According to the authors:-

They leverage knowledge distillation during the pre-training phase and show that it is possible to reduce the size of a BERT model by 40% while retaining 97% of its language understanding capabilities and being 60% faster.

So let’s start with the details and the process to fine-tune the model.

Multi-Class v/s Multi-Label classification

First of all, it is important to understand the difference between multi-class and multi-label classification. Multi-class classification means classifying the samples into one of the three or more available classes. While in multi-label classification, one sample can belong to more than one class. Let me explain it more clearly by an example:-

Multiclass classification — Let say we have 10 fruits. They can belong to one of the three classes — ‘apple’, ‘mango’ and ‘banana’. If we are asked to classify the fruits in these given classes, they can belong to only one of these classes. Therefore, it is a multi-class classification problem.

Multi-label classification — Let say we have few movie names and our task is to classify these movies into the genres to which they belong to like ‘action’, ‘comedy’, ‘horror’, ‘sci-fi’, ‘drama’ etc. These movies can belong to more than one genre. For example — ‘The Matrix movie series belongs to the ‘action’ as well as ‘sci-fi’ category. Thus it is called multi-label classification.

Data Formatting

First of all, there is a need to format the data. The required data can contain 2 columns. One column containing text to be classified. Another column containing labels related to that sample. The below image is an example of the data frame:-

The above example shows that we have six different classes and the sample can belong to any number of classes.

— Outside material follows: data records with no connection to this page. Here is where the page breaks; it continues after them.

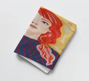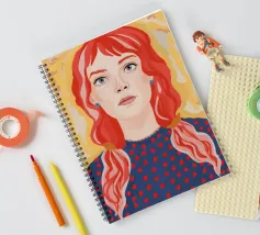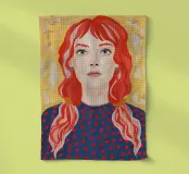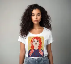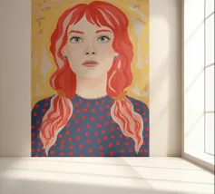 Una giovane ragazza con trecce rosso vivo guarda in avanti su uno sfondo dorato in stile pop surreale.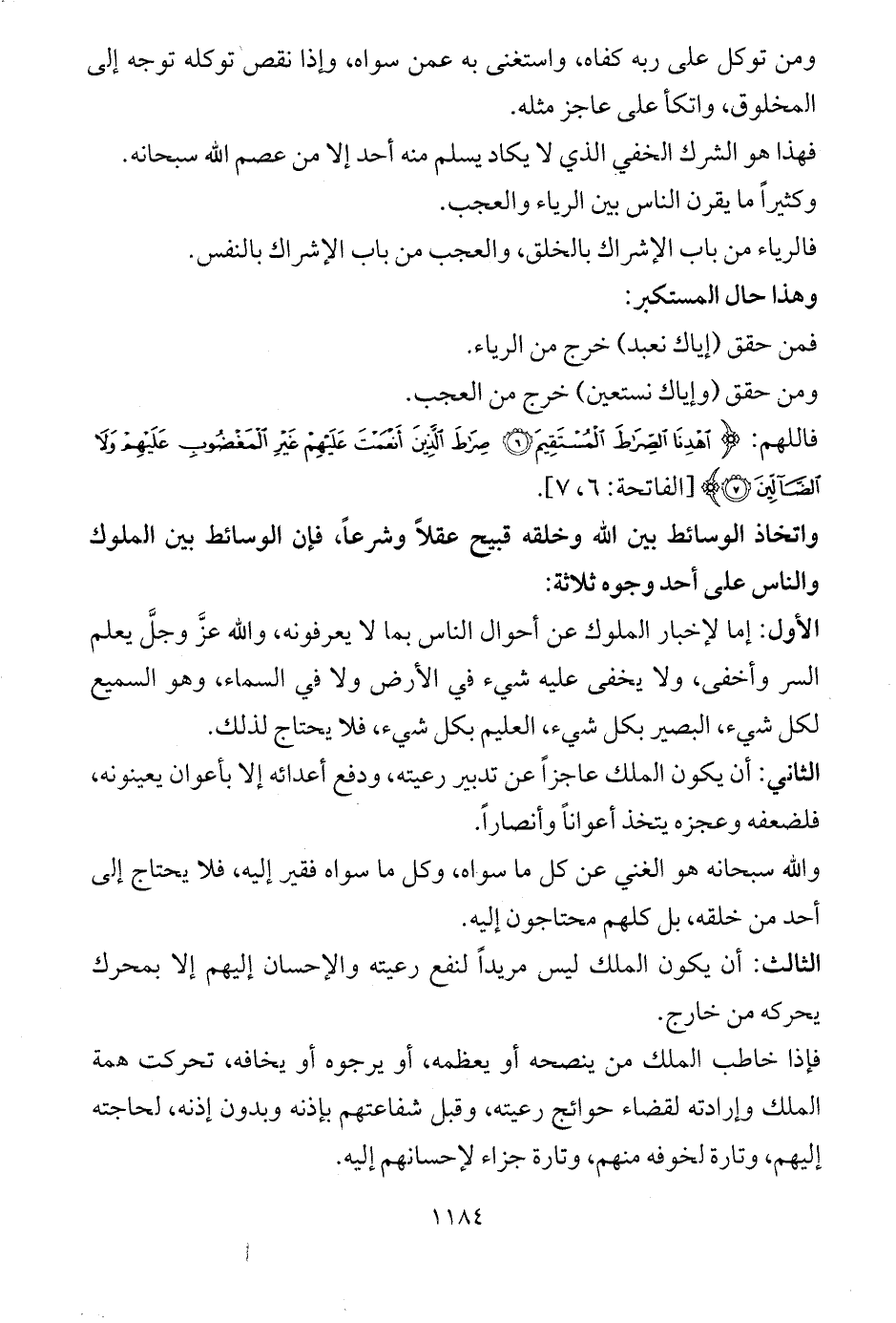 ومن حقق (وإياك نستعين) خرج من العجب.
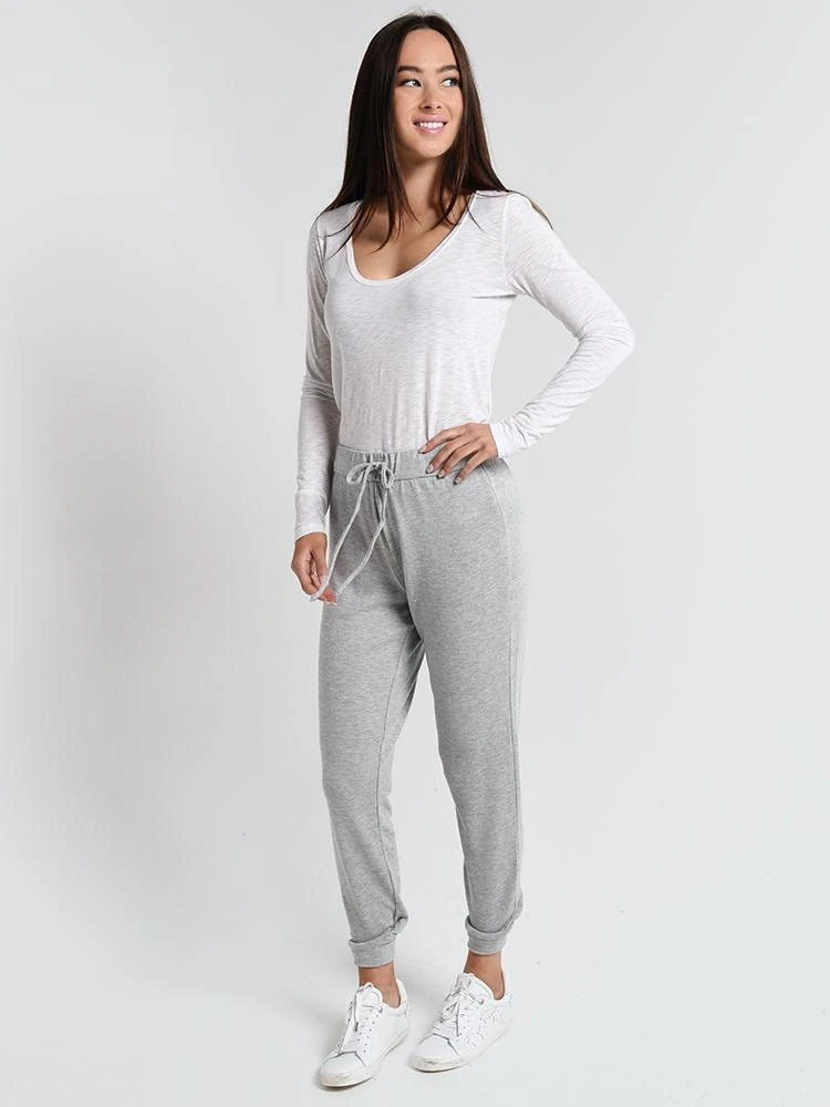 FEATURES:Drawstring waistband.Relaxed fit through tapered legs.Banded cuffs.Ankle length.Pull-on style.Polyester/rayon/spandex.Imported.Model is wearing size small pant.

But the question is how to convert the labels into this format? Here, scikit-learn comes to the rescue!!!

Below is an example of how to convert these labels to the required format.

>>> from sklearn.preprocessing import MultiLabelBinarizer
>>> mlb = MultiLabelBinarizer()
>>> mlb.fit_transform([{'sci-fi', 'thriller'}, {'comedy'}])
array([[0, 1, 1],
[1, 0, 0]])
>>> list(mlb.classes_)
['comedy', 'sci-fi', 'thriller']

Also, you can refer to the below link to get more details about it.

https://scikit-learn.org/stable/modules/generated/sklearn.preprocessing.MultiLabelBinarizer.html

Code

Now let’s get to the code part about the required libraries, how to write DataLoader, and model class for this task.

Required libraries

transformers==3.0.2

torch

scikit-learn

numpy

pandas

tqdm

These can be installed with the pip install’ command.

Importing libraries

import numpy as np
import pandas as pd
import transformers
import torch
from torch.utils.data import Dataset, DataLoader, RandomSampler, SequentialSampler
from transformers import DistilBertModel, DistilBertTokenizer
from tqdm import tqdm
from sklearn.preprocessing import MultiLabelBinarizer
from torch import cuda
device = 'cuda' if cuda.is_available() else 'cpu'

The above step is to set up the device for GPU.

Training parameters

MAX_LEN = 256
TRAIN_BATCH_SIZE = 8
VALID_BATCH_SIZE = 4
EPOCHS = 1
LEARNING_RATE = 1e-05

These parameters can be tuned according to one’s needs. But there is one important point to be noted here:-

DistilBERT accepts a max_sequence_length of 512 tokens.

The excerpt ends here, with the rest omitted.